**What is being asked**
Starting with the line that contains "create a high" and ending with the last line of the listing, print each line exactly. Pictures stay out.

**Supplied information**
>>
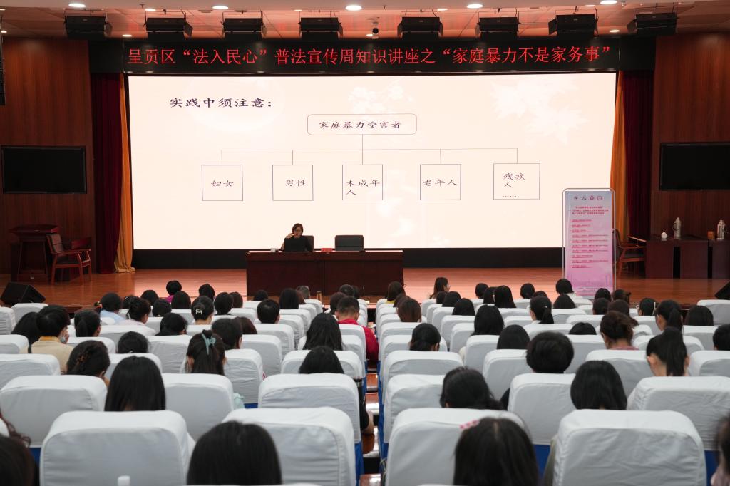 活动现场,云南师范大学法学与社会学学院杜爱萍副教授作题为《家庭暴力不是家务事》的第一场专题讲座。 据了解,此次普法宣传周活动为期一周,充分发挥呈贡高校人才资源优势,由云南师范大学法学与社会学学院牵头组织高校教师和青年学生,联合呈贡区各级妇联组织,在呈贡区各街道及中小学校等部门开展10 场讲座。通过校地合作的方式,针对不同的普法对象,探索创新精准普法模式,就群众普遍关心的邻里纠纷、婚姻家庭、家庭暴力、未成年人保护等内容,以群众喜闻乐见的方式,开展形式多样的法律普及进基层、进学校、进机关、进家门等“法入民心”普法宣传活动,营造全民学法知法守法氛围,助力法治社会建设。
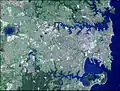 Фотография Сиднея, сделанная из космоса. В верхней правой части снимка виден протяжённый и извилистый залив Порт-Джэксон. В южной части располагается залив Ботани
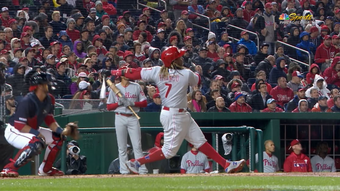 Franco ha pegado tres jonrones en los primeros cinco compromisos de la campaña. Cada vuelacercas ha sido bateando de octavo en el lineup de los Filis. Spud Davis (1930) y Andy Seminick (1948) son los dueños del récord en el equipo con 13 cuadrangulares bateando de octavo en la alineación. Del Crandall estableció la marca en las Grandes Ligas con 22 jonrones como octavo en el lineup con los Bravos de Milwaukee en 1955.
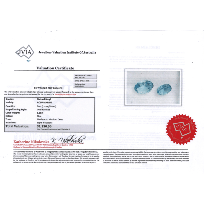 1.68CT TSW X 2, NATURAL BERYL AQUAMARINES
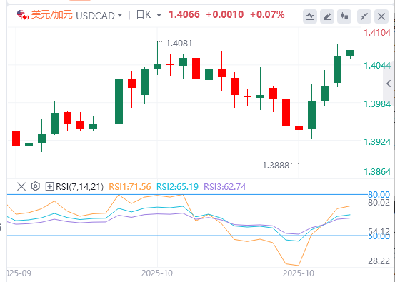 11月4日,周二亚市盘中,美元/加元徘徊在1.4066附近。 周一,加元兑美元遭遇市场长期疲软,兑美元连续第三个交易日下跌,并回落至近期低点,推动美元/加元货币对回到1.4050区域。 加拿大央行(BoC)上周又将利率下调25个基点,与美联储(Fed)的25个基点降息幅度一致。随着加元与美元的利差同步走势,加元既不会因央行的举动而获利也不会损失,从而使加元交易者锁定在正在努力应对贸易战影响的经济体上。加拿大经济还严重依赖原油市场活动,顽固的低桶价对加元没有好处。 美元/加元已回升至1.4050区域,随着加元兑美元继续下跌,美元/加元有望在七个月高点上新一轮上涨。 在过去四个日历月中,加元兑美元连续三个月下跌。 标准普尔加拿大制造业采购经理人指数(PMI)显示,尽管10月份整体商业状况有所改善,但总体预期仍处于收缩性,随着贸易战关税继续侵蚀加拿大经济的外部边缘,企业经营者继续预计未来情况将恶化。 加拿大央行行长蒂夫·麦克勒姆周一指出,尽管加拿大劳动力市场持续疲软,并且需要货币政策效应持续刺激,但美国总统唐纳德·特朗普的大部分贸易关税继续由美国企业和消费者支付。 美元/加元技术分析 美元/加元在日线烛台上的势头发生积极转变,在经历了数月的稳定盘整并从6月低点1.3350附近温和复苏后,带来了乐观情绪。最近,价格走势突破了50天和200天指数移动平均线(EMA),这通常被视为表明潜在趋势逆转的积极信号。50日均线正在200日均线上方完成“黄金交叉”,进一步增加了在新的耗尽点后继续看涨的可能性。最新的蜡烛反映了短暂跌至1.3850支撑位后强烈的买盘兴趣,表明买家渴望在下跌时介入。 买盘目前正在测试1.4050至1.4100之间的阻力区,该水平自8月以来历来限制了反弹。日收盘价稳健高于该区间可能为向1.4300水平移动铺平道路,而未能突破可能会导致重新测试1.3900–1.3850支撑区域以确认。RSI约为60,表明在超买之前仍有进一步上涨的空间。短期内,交易员将关注势头能否保持在1.4050上方以确认突破,或者该水平的拒绝是否暗示持续的区间波动。 |
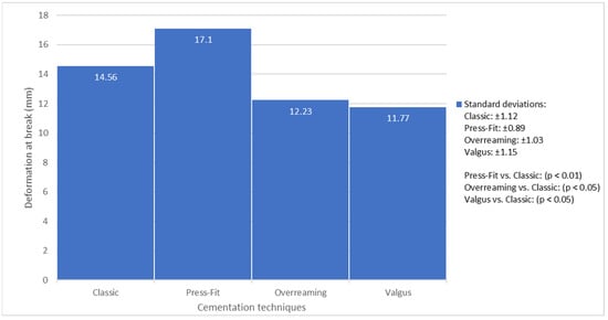 Comparison of deformation at break for different cementation techniques.
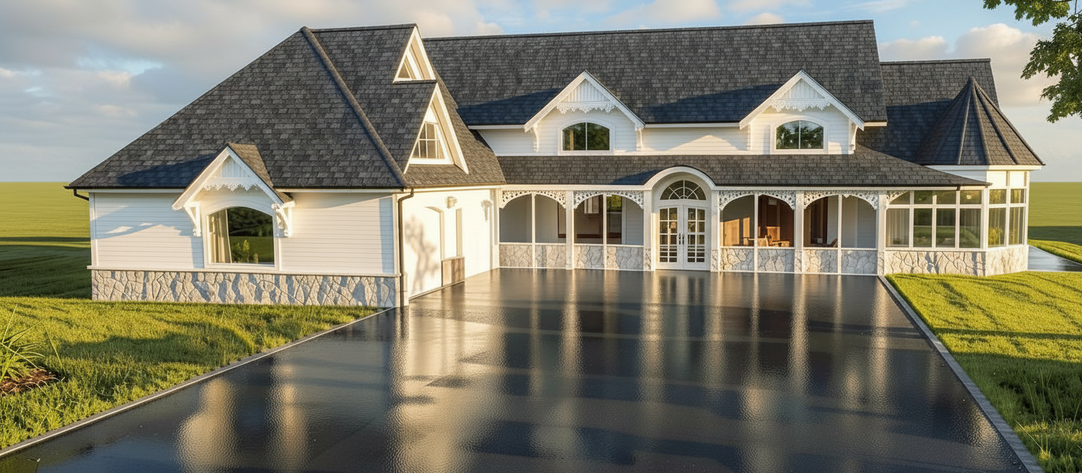 create a high end looking victorian style home with white woodwoking and details the siding should be painted a light blue color the roof is charcoal gray the home is set in a meadow surrounded by forest
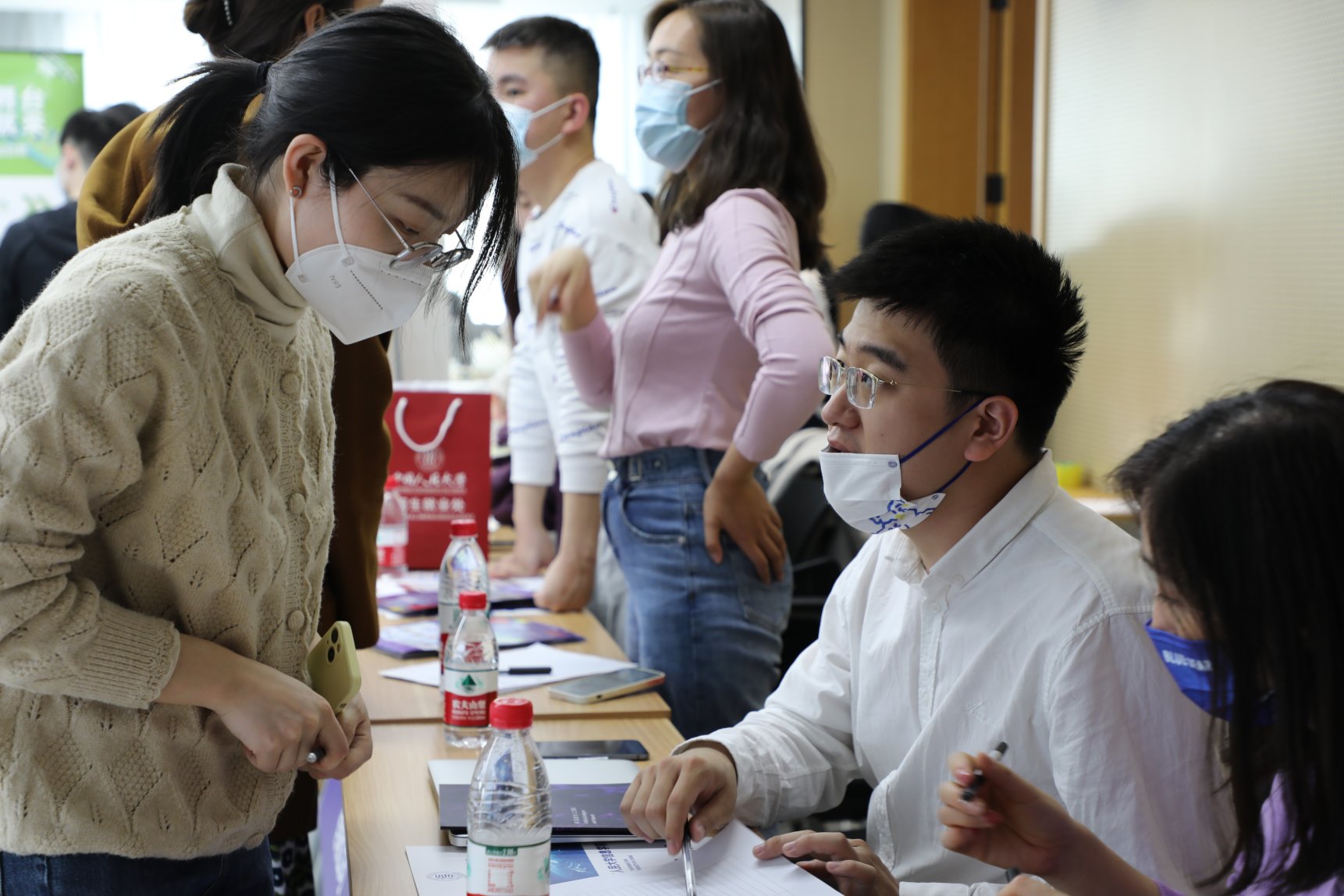 招聘会场面火爆,气氛良好,秩序井然,每位应聘者都手持自己精心准备好的自荐书和简历穿梭于人流之中,积极与招聘人员交流,主动了解用人单位的情况。
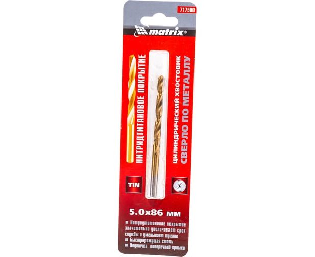 Сверло Matrix 717500 по металлу Д-5мм Дл-86мм (1пред) для дрелей
<<
**Task response**
 create a high end looking victorian style home with white woodwoking and details the siding should be painted a light blue color the roof is charcoal gray the home is set in a meadow surrounded by forest
 招聘会场面火爆,气氛良好,秩序井然,每位应聘者都手持自己精心准备好的自荐书和简历穿梭于人流之中,积极与招聘人员交流,主动了解用人单位的情况。
 Сверло Matrix 717500 по металлу Д-5мм Дл-86мм (1пред) для дрелей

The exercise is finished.